Toilettes sur cour
Qu’on soit poète, paltoquet ou baladin, on va tous au petit coin. Pourtant ce n’est pas toujours le même endroit. Le nom varie au gré de nos envies : certain.e.s l’appellent feuillées — ce qui n’est pas sans rappeler le jargon militaire —, d’autres le nomment titas, d’autres encore l’appellent deutés en référence au Deutéronome 23 ; 13 : « Tu auras parmi ton bagage un instrument, dont tu te serviras pour faire un creux et recouvrir tes excréments, quand tu voudras aller dehors. ». On retrouve aussi dans la francophonie les termes de latrines et longaignes et, plus sobrement, les unités marines disent se soulager dans la mer.
Mais ces différences ne s’arrêtent pas au nom ! Si on s’y intéresse de près, on peut faire une véritable typologie de la cuvette. On trouve le trou simple (d’une profondeur d’environ 1 mètre sur 70 cm de largeur), le trou avec deux planches pour poser les pieds, le trou avec poutre basse pour s’asseoir, le trou avec quatre poutres basses et une lunette, le trou avec une poutre haute pour se tenir les mains, le trou entièrement recouvert d’une caisse percée et dotée d’une lunette, et enfin les toilettes en dur notamment celles du propriétaire et évidemment celles du supermarché pour l’intendant.
Voilà pour la cuvette, reste encore à explorer les cloisons qui, elles aussi, connaissent nombre de variations. On peut d’ores et déjà les diviser en deux catégories : les décapotables et celles couvertes. Pour les premières on peut lister les cloisons à quatre, trois, deux ou un mur ; à partir de deux murs souvent la nature obstrue un autre côté et à cela est ajouté un son reconnaissable à l’approche de quelqu’un. Certaines unités ne mettent pas de cloisons du tout, mais un panneau bien en amont pour signaler la disponibilité du trône. En ce qui concerne les toilettes couvertes, on retrouve les mêmes que les décapotables avec en addition une cloison stellaire au-dessus du trou, à celles-ci on peut ajouter la cabine en tissu avec porte — qui est à l’origine vendue comme une cabine de douche. Pour en finir avec les cloisons, la matière du mur diverge et varie en fonction des lubies. Certains groupes vouent un culte à la bâche, si bien que dans le local finit par apparaitre une étagère estampillée « bâche à caca » pour ne pas s’emmêler les pinceaux. D’autres préfèrent le tissu et souvent utilisent un reste de tente canadienne, et d’autres encore fabriquent une cloison en tressant du bois souple et du feuillage (les puristes parlent de noisetier et de fougères).

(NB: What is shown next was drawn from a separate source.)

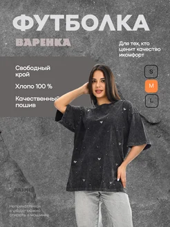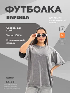 Футболка женская варёнка оверсайз со стразами мишки

À tout ces éléments on pourrait ajouter les dispositifs pour garder le papier toilette au sec ou ceux pour suspendre une poubelle ou encore ceux qui visent à éviter les odeurs, mais on n’en finirait plus de lister les différentes ingéniosités. L’essentiel est de noter que peu importe nos techniques et savoir-faire, il faut que l’endroit soit confortable pour qu’il soit fréquenté et ainsi éviter les missions de fin de camp « ramassage caca dans les hortensias ».